Special needs bike camp helps kids in Clovis

FRESNO, Calif.

Roughly 40 special needs kids are enjoying a nice bike ride indoors this week. Most of them before this bike camp couldn't even stay on their bikes. But with the help from Break the Barriers in Fresno, these kids are learning how stay on a bike all by themselves.

"If you listen to the parents. They say now they can ride with their brother, their sister. All our cousins can ride a bike but they don't," Debbie Hergenrader said. "When they go back to school, they're going to say this is what I did this summer. Learn to ride a bike. It's just crazy how riding a bike can connect a community."

Close to 90 volunteers from the Central Valley Cycling Club are offering their time and effort to get these kids to ride without training wheels. So it's no surprise the two men brought in from Chicago to teach the camp are from the national campaign called "Lose the Training Wheels".

"We use a roller system," AJ Budney said. "The roller that they started on Monday is very similar to a rolling pin. So it's very flat and then as the week progresses and as they progress, we move them up to a higher roller. So it becomes a little more tapered on the end."

The combination of this unique approach and the volunteers allows these kids to be kids. Fresno mom Karen Maroot's son Charlie has autism. She and other parents say this experience is such a rush that many of us without special needs children may never understand.

"I'm glad actually that your cameras weren't here when he first started riding.
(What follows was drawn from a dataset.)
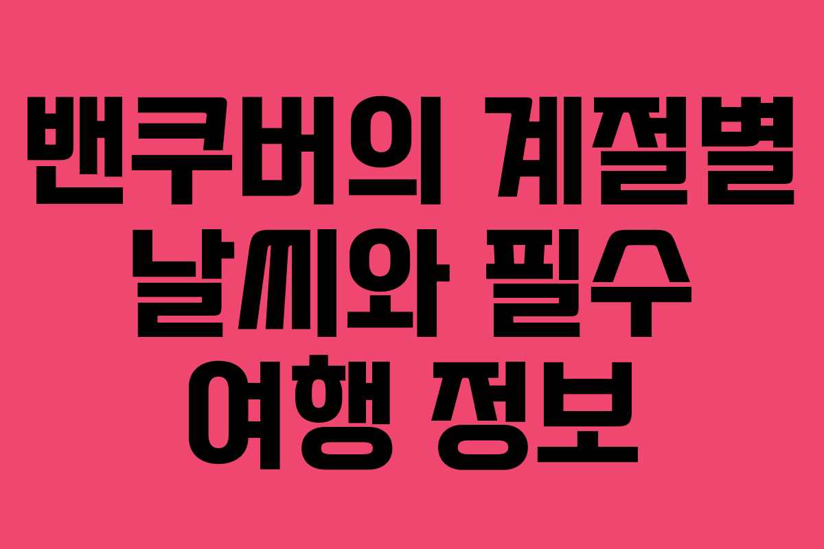 밴쿠버는 그 아름다움과 온화한 기후로 많은 이들에게 사랑받고 있는 도시입니다. 이곳에서의 생활이나 여행을 계획하는 분들을 위해, 계절별 날씨와 추천 장소에 대해 자세히 안내드리겠습니다. 각 계절마다 날씨가 다르고 그에 맞는 옷차림과 추천 활동이 있으니 참고하시기 바랍니다.

I think he started walking through, but I mean I burst into tears of happiness just watching him with that joy that, thrill of riding bike," Maroot said. "Now the fear is going to be chasing him around the neighborhood, but it's exciting to see children be children."

Children with special needs and autism in particular lack social skills necessary to integrate with others. But spend just a few minutes at this bike camp and you wouldn't have ever known this place was a camp for special needs kids. Here at Clovis North High School, they're just plain special.